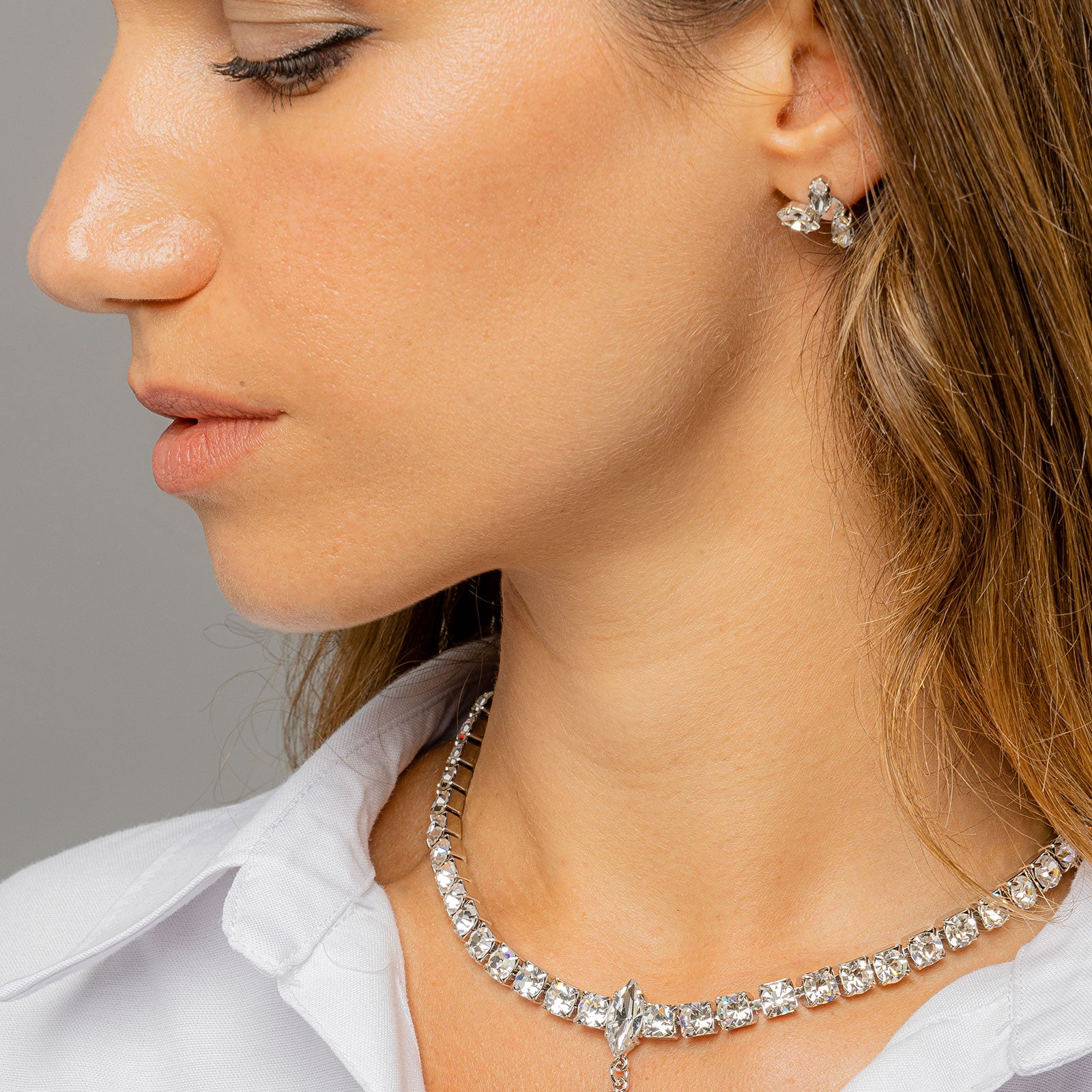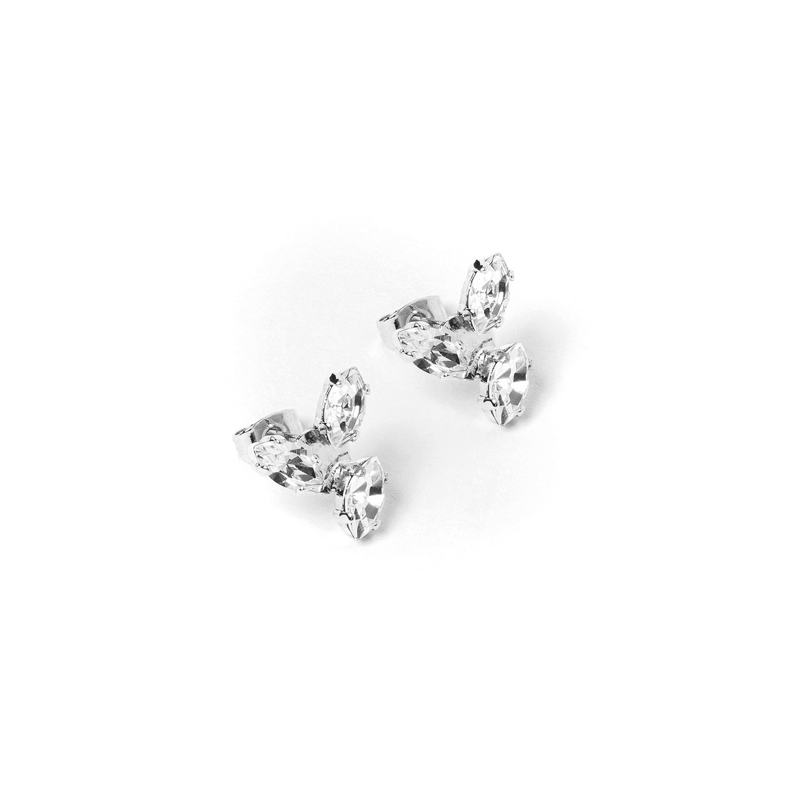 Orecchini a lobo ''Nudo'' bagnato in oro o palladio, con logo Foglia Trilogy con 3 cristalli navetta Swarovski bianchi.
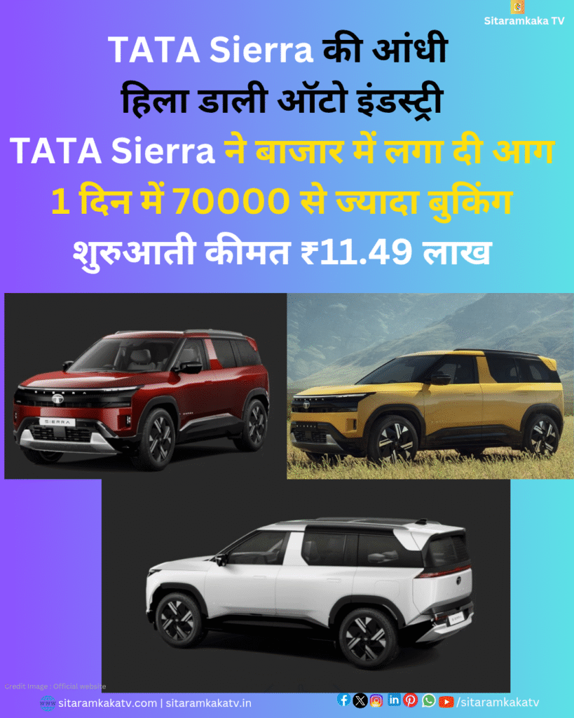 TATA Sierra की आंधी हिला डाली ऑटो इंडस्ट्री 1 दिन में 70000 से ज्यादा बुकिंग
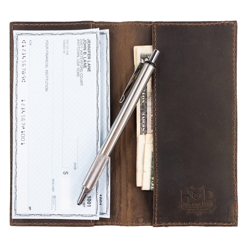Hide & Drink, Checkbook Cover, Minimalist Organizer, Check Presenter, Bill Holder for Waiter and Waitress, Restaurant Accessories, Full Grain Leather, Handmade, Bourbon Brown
+ + + + + + +
◆ **EXERCISE DETAILS**
Drop the pictures and reproduce the rest of the data exactly.

◆ **EXERCISE RESULT**
 Orecchini a lobo ''Nudo'' bagnato in oro o palladio, con logo Foglia Trilogy con 3 cristalli navetta Swarovski bianchi.
 TATA Sierra की आंधी हिला डाली ऑटो इंडस्ट्री 1 दिन में 70000 से ज्यादा बुकिंग
Hide & Drink, Checkbook Cover, Minimalist Organizer, Check Presenter, Bill Holder for Waiter and Waitress, Restaurant Accessories, Full Grain Leather, Handmade, Bourbon Brown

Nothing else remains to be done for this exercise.